Advanced Analytics Paves the Way for Intelligent Mines & Mining
Mines and mining processes have some tough challenges, especially given the remote locations of many mines, the harsh and demanding nature of extracting the raw materials, and the complexity of the involved processes. Planta managers, process engineers, and operators in this industry definitely deal with their unique work headaches. It ain’t easy managing complex mining operations to ensure adequate safety and to optimize resources and processes. They also have to deal with decreased ore quality and an increased pressure to get more metals and minerals out of less ore. And let’s not forget the lack of access to water and energy and the exorbitant maintenance costs due to increased labor costs and reduced availability of spare parts. We should also mention troubleshooting mining processes which sure as heck ain’t easy.
Divisions and strategies of the biggest mining companies worldwide include at least one of the following targets in their agendas: smart/intelligent mining, automation, digitalization, big data, advanced analytics, and energy and emissions reduction. Addressing any one of these directly relates to the real day to day challenges plant managers and process experts face on the ground and at the mines.
Solving the Data Scientist Predicament
So how do you address your metals and mining process issues? Do you use Excel along with your Historian trend clients or do you plot the data and put up these graphs on a window to try to see what is going on? Maybe you might even be doing some analytics. Or is there a specialized group that is responsible for making sense out of the huge amount of process data?
Many companies use data scientists to do the heavy analytics lifting and to get more business insights into the mines and processes. These same companies also know that there just aren’t enough data scientists to go around, and there especially aren’t many data scientists with process knowledge. Which is really what is needed to efficiently solve process issues. So …… how to solve this data scientist predicament?
Simple – use advanced self-service analytics to empower your plant managers, process engineers, and operators with analytics, so they can leverage the sensor-capture data. They will then be able to analyze the data to do the daily troubleshooting on their own and monitor and predict the processes to make data-driven decisions. They will also be able to predict maintenance to save asset life and costs and achieve operational excellence.
Advanced self-service analytics also has capabilities that are especially useful for mines and mining processes which eliminate data silos through the contextualization and sharing of process data.

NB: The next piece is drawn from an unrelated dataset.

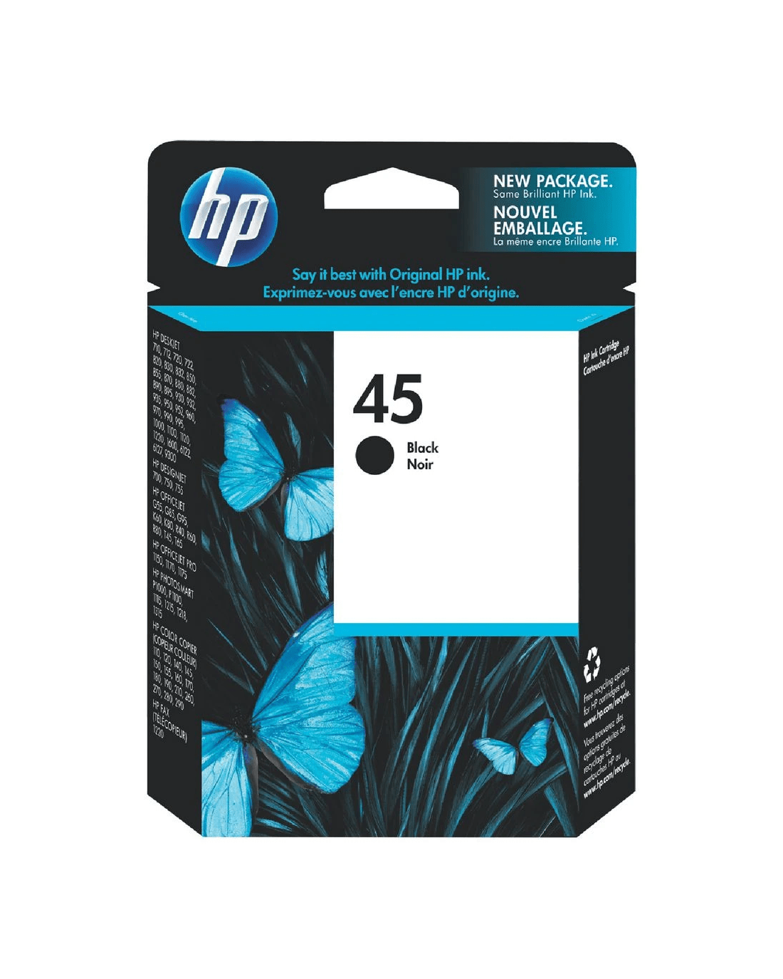 This HP 45 Ink Cartridge will help you to achieve high quality printouts at home or in the workplace. The ink has been designed to deliver photo quality images and clear, bold text.

These same capabilities allow for the setup of dashboards, so teams in any location around the world can have eyes on the processes. All of this leads to process transparency and effective team collaboration thus paving the way for intelligent mines and mining.

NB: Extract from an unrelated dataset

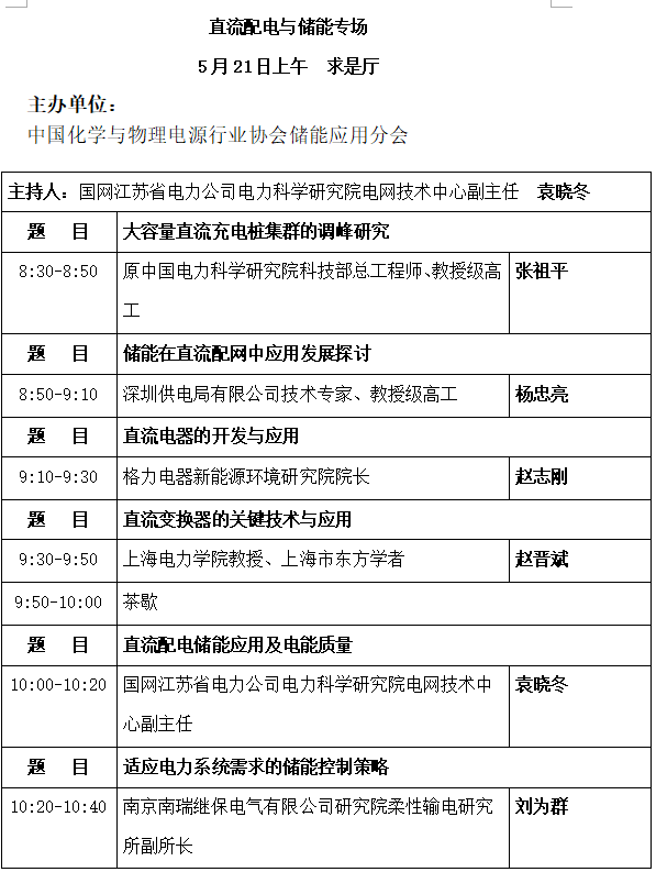 大會將分別設(shè)置儲能產(chǎn)業(yè)政策解讀、儲能電站、新能源并網(wǎng)、微電網(wǎng)、能源互聯(lián)網(wǎng)+多能互補(bǔ)、國際儲能、分布式光伏與儲能系統(tǒng)、儲能電池、通信儲能、氫能與燃料電池、直流配電與儲能、光儲充電站、投融資等13個(gè)專場論壇。以下為直流配電與儲能專場大會議程表。

But to understand the more technical benefits of advanced self-service analytics, let’s look at two use cases: Low Pox Recovery and Conveyor Belt Optimization.
Use Case #1: Low Pox Recovery
Situation: Regular gold recovery analysis after pressure oxidation showed low gold recovery for one of the autoclave runs. Both the cause and the frequency were unknown. Here’s the breakdown of the use case and the value that was gained using advanced self-service analytics.
- Find the root cause of low recovery without having any leads.
- Determine if similar issues have occurred.
- Set up monitoring for dynamic pressure oxidation process.
- Visualization of relevant period through context data.
- Comparison with normal runs.
- Use of high-throughput correlation analysis to find root cause.
- Use of search functionality to find incident frequency.
- Use of fingerprints to monitor press-oxidation profiles.
- Identification of the mixer failure as recurring source of problems.
- Problem resolution through maintenance.
- Set up of system monitors to send out alerts at the earliest signs of an issue.
Substantial valued was gained through this use case. The recurring source of low performance was eliminated, and more importantly, an average 2% increase in gold recovery was realized after pressure oxidation.
Use Case #2: Conveyor Belt Optimization
Situation: Conveyor belt energy usage needed to be investigated and optimized, so the company could move from fixed-time maintenance to performance-based maintenance. Here’s this use case breakdown.
- Determine conveyor belt throughput.
- Determine relation between energy usage and throughput.
- Determine optimal operating point.
- Monitor performance to schedule maintenance.
- Create throughput formula tag based on hopper weight.
- Make formula tag for energy used per kilogram transported (specific energy).
- Determine relation between throughput and specific energy.
- Monitor operating zones for condition-based maintenance.
- Identification of optimal throughput.
- Improved hopper control for better energy performance.
- Set up of operating area monitor giving a clear objective indication of when maintenance is needed.
Again, substantial value was gained. Energy usage was decreased by 2%, and the average period between maintenance increased by 11%.
Get Rid of Your Work Headaches with Advanced Analytics
Advanced self-service analytics will empower you and your team, so you can:
- increase asset reliability
- prevent unexpected failures and downtimes
- reduce maintenance and labor costs
- reduce safety risks
- increase operation time.
You’ll have 24/7 eyes on your process to analyze, monitor, and predict the most important aspects of your mines and mining processes. You’ll also be able to contextualize your process data and share this with the whole team, thus eliminating data silos. This process transparency and knowledge exchange adds to team efficiency and collaboration.
At the end, you’ll simplify your work and your life and get rid of your work headaches. Actually, a pretty darn good deal, indeed.